Figure 2.3 shows a possible mapping of the 6-input LUT circuit blocks to a Virtex CLB. The CLB contains two slices, each of which contain a set of programmable logic blocks. These include two LUTs (which the rom16x1 maps to), a muxf5, a muxf6 and a register. The Virtex RLOC constraint specifies the CLB row, column and slice to place a circuit block. To place the circuit blocks that map to the LUTs, they are RLOCed to the same slice and the Xilinx implementation tools allocate them to the physical resources.



#### Figure 2.3

Layout of the Lut6 design within a Virtex CLB. The external connections are not shown.

Lava provides combinators that place circuit blocks beside each other, below each other or in the same location. The ability to compose blocks in the same location allows blocks to be mapped to the different resources within a single slice.

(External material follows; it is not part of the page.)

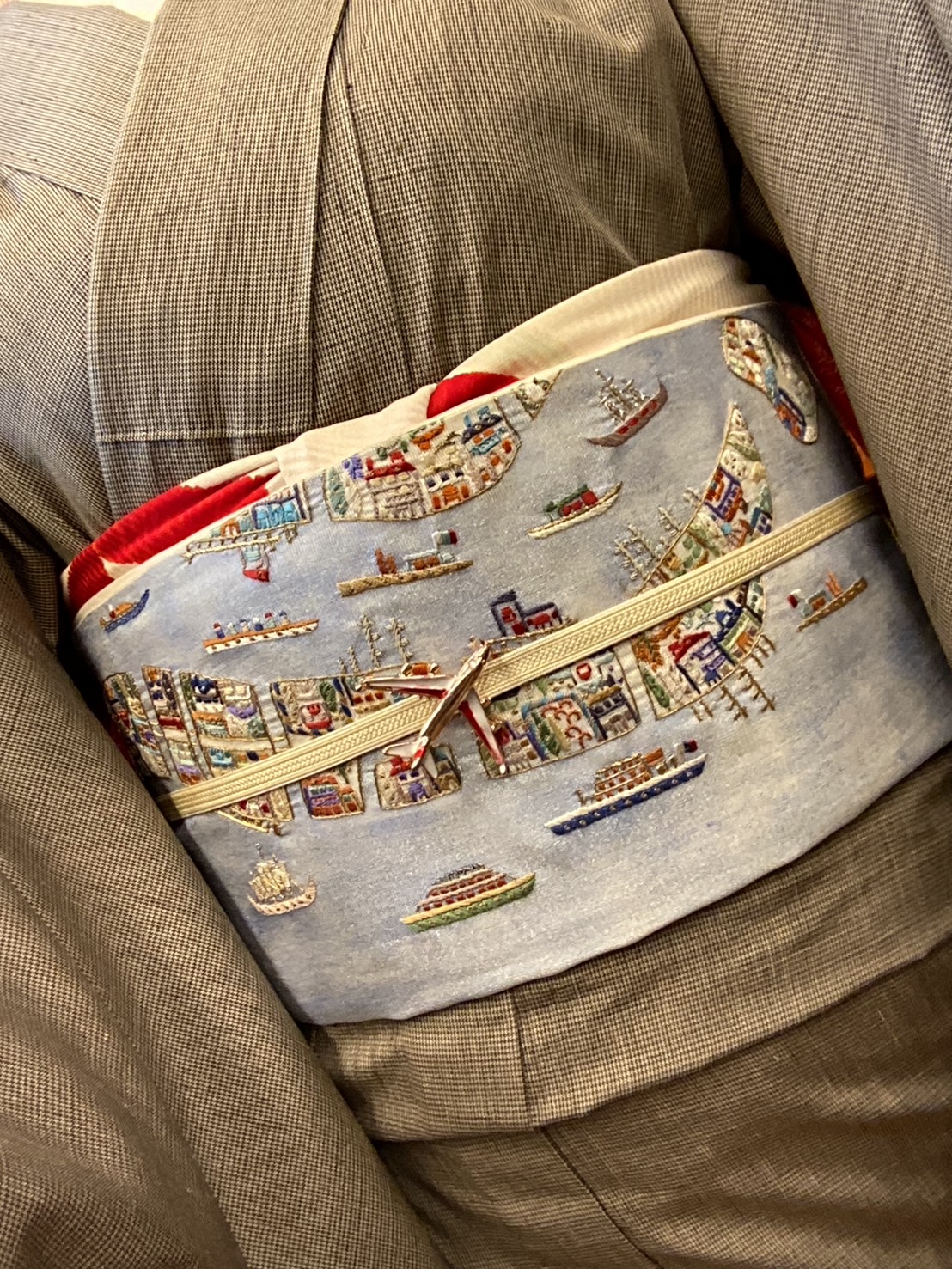 イタリアのベネチアを刺繍した帯に、飛行機の帯留めをすることで、上空からの風景のように見えて、さらに可愛い💕

To compose the 6-input LUT with the above placement, we start again by composing the final multiplexer (muxf6) is series with the flip-flip (fd). To specify that they are placed in the same slice, we use the series combinator > |>. In a similar way to before, this is written in Lava as:

```
muxAndFdPl clk = muxf6 > | > fd clk
```

The rom16x1 blocks can be composed in each slice using the vpar2 combinator. The vpar2 combinator takes two circuit blocks and places the first below the second. Lava treats the two LUTs in a CLB as seperate locations, although the resulting RLOCs for two LUT circuit blocks composed vertically will be the same. The facility to compose LUTs in this way is provided so that circuits that use columns of LUTs, such as arithmetic, can be described easily. The Xilinx implementation tools actually decide how the circuit blocks will be assigned to the LUTs since the RLOC contraints do not provide this information. For this composition, par2 is replaced with vpar2:

romAndRomPl init0 init1 = rom16x1 init0 `vpar2` rom16x1 init1

It is straightforward now to compose the muxf5 block with the rom16x1 blocks in each slice:

```
romsAndMuxPl init0 init1 = snD(romAndRomPl init0 init1) >| > muxf5
```

To compose the muxAndFdPl and romAndRomPl blocks together is more tricky. This is because the blocks in slice 0 must be composed to share the same location. If they are composed as before with romAndRomPl blocks in parallel and the muxAnd-FdPl block composed using > | >, then the muxf6 and register would be placed in slice 1. This is because > | > places blocks in the same location with their origins aligned in the lower left. To do this we need to compose the block in slice 0 in series using > | > and then compose these in series horiztonally with the slice 1 blocks. We can the following rule to break the parallel composition of the rom16x1 blocks:

A hpar2 B = fst A >-> snd B

If A = B = romsAndMuxPl, and C = muxAndFdPl, then the form of the composition we are looking for is (ignoring initial values and the clock):

snD(A hpar2 B) > | > C

Substituting for the LHS of the above rule:

snD(fsT A >-> snD B) >|> C

Distributing the snD and bracketing the terms we want to place together:

snD(fsT A) >-> (snD(snD B) >|> C)

Which gives the Lava description for the placed circuit:

```
romsAndMuxesPl init0 init1 init2 init3 clk
= snD(fsT(romsAndMuxPl init0 init1)) >->
  (snD(snD(romsAndMuxPl init2 init3)) >|> muxAndFdPl clk)
```

If the 6-input LUT is described without the placement combinators, the Xilinx implementation tools will come up with a similar placement themselves (probably with the slices reversed, which makes no difference in terms of the Virtex architecture). So why go to the trouble of placing such a small circuit? The advantage is, that this can now be used to build bigger, fully placed circuits. This composition might seem complicated for the size of the circuit, but this is because it is irregular and is complicated by the need for placing circuit blocks on top of each other. Lavas real strength lies in the ease in which regular circuits can be composed and placed. The facilities that Lava provides for doing this are introduced in the next tutuorial.

# 2.3 Exercise

Provide a Lava description of the 6-input LUT circuit placed using combinators for the Virtex II architecture.